Friday, March 26, 2010

A Dozen or so Things About the Real World

Moms Mabley told it like it was in her own special way. Photo courtesy of UPI.

HEAD’S UP: Yours Truly is still in North Louisiana trying to be the best patient advocate possible for my ailing Ma Ma. I arrived a few days after Old Girl was admitted to hospital on 31 January in atrocious shape. While much better, she is not yet well enough for me to return to Gotham where there are at least eight million stories. Dutiful daughter that I am, I remain in the southern branch of the family seat. Happily, I do have stories. And I plan to tell them.

THOSE of us who live in the swankier areas of New York City – that is certain neighborhoods in Manhattan – reside in a bubble. We’re more spoiled demanding, entitled and impatient, because the world is our oyster and we want it now. We have just about every convenience at our fingertips. We’re more liberal. And more nuanced in our politics. More educated. Affluent. More health-conscious and environmentally friendly. More passionate amount human rights and animal rights. We’re more hemmed in and uptight because land and space go for a premium. We walk more. Drive less. And watch less TV. And we’re more removed from the reality of who we are as a nation than are our fellow Americans elsewhere, except for perhaps, Los Angeles. In fact, many of us (me excluded) describe ourselves as New Yorkers, not Americans.

Often enough over the years – especially those spent abroad – I’ve declared to any number of people that New York and Los Angeles are not America.
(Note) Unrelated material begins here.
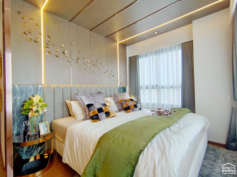 พื้นที่ห้องนอนใหญ่ เนื่องจากห้องนี้เป็นห้องมุม จึงมีหน้าต่าง 2 ฝั่งเปิดรับแสงธรรมชาติได้อย่างเต็มที่

I’ve encouraged scores to visit the “flyover” states to get the flavor of the real America, probably the one that Sarah Palin often waxes about. I have been in the real America – where I grew up – for about six weeks. It’s a strangely wonderful place and a wonderfully strange place, or so I have observed:

1. A lot of fuel can be conserved, and it would benefit the environment if there were fewer drive-ins where motorists sometimes wait in long lines with engines running. The scene plays out daily at pharmacies, liquor stores and banks;

2. According to the National Automobile Dealers Association, trucks made up 48.4 of passenger vehicle sales in 2008 (the last year for which statistics are available). Yet here it seems that every two out of three is a truck, CUV or SUV. Why so many trucks on the road? Hauling things? People?

3. Is it my imagination or is there a daquiri emporium on every other corner in the business district?
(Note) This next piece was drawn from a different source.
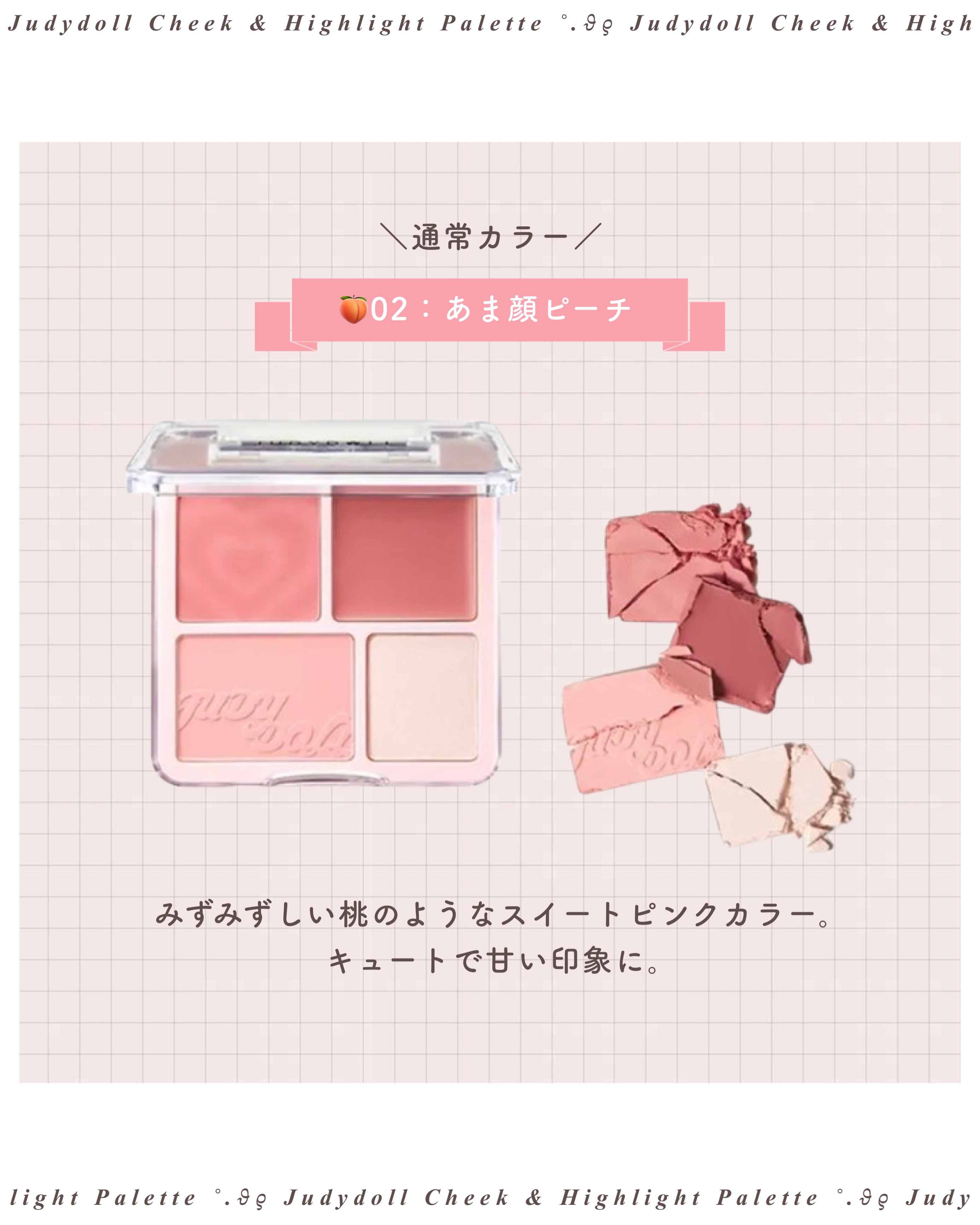 あざとくわがままに可愛くなっちゃお♡🏷️JUDYDOLLわがままチークハイライター🍈01うぶ顔メロン完熟メロンのようにあたたかなピュアオレンジカラー初々しい雰囲気に🍑02あま顔ピーチみずみずしい桃のようにスイートなピンクカラーとろける笑顔で甘...

4. I have not imagined the lone Starbucks in town;

5. Nor have I imagined the payday loan centers and cash-checking stores at virtually every shopping center and strip mall;


6. At least two dentists have a thriving practice doing nothing but dentures. Only about half of their clients are senior citizens.

7. Plenty of reasonable folk will drive around a parking lot for as long as 10 minutes to get a spot three spaces closer to the door than the one they passed up;

8. It's disconcerting to run the car air conditioner on sunny days between about noon and 4 p.m. when the air temps are only in the mid to high 60s. In the car I’m burning up. Outside the car I’m chilly.

9. Sparkling wine (not Champagne) – my alcoholic beverage of choice – is costly, even the Korbels of the world. $12-plus in some quarters. Are you serious?! I’ve been kickin’ it with J. Roget and formerly, Andre;

10. The mall is still the new town square. It is home to merchants, shoppers, trees, flowers, plants, benches, ponds, waterfalls, walkers, etc. At Pecanland Mall, one can relax and enjoy the scenery with no interference from wind/rain/snow/heat/cold;

11. In busy, bustling New York, walk down the street and no one will likely notice or register that they do. In Monroe, walk amongst the public fully clothed but looking remotely “otherworldly” and you will be met by open, bald, shameless stares and whispers. Note to self: Next trip leave the boots and cropped leggings at home.

12. Some people don’t use voicemail. “Didn’t you see the missed call,” asked the cashier at Firestone Complete Auto Care when I inquired why he didn’t phone me (the subtext being that if you got my voicemail you should have left a message) about an issue with a tire. I saw the missed call and immediately checked my voicemail. Silly me, I didn’t phone the number because I concluded that it was probably someone who’d concluded they’d dialed the wrong number and hung up. This I explained to the cashier. “You not from here, are you?” he asked.

13. In Wal-Mart someone stole my shopping cart. The thief actually removed my items and made off with it while I was searching for plums. Serves me right for not living up to my convictions. I felt dirty, too, owing to my self-imposed boycott. Why? Because of the chain’s labor issues, mainly low wages and anti-union activities. And there is that business about requiring shoppers to show their receipts before they leave the store.

14. And finally this, which can happen even in New York, could not go unremarked on just because ...: My mother – bless her heart – was a cougar long before the term was coined. Methinks one of her mantra’s could be summed up in the words of the late great comedian Moms Mabley: "There ain't nothing an old man can do for me but bring me a message from a young one." … The other day she gave her late-30/early 40-something dentist to know that he was cute. “May I have a date,” the senior citizen asked as pretty as you please. Dr. P. did not say yes, nor did he say no. Hmmm.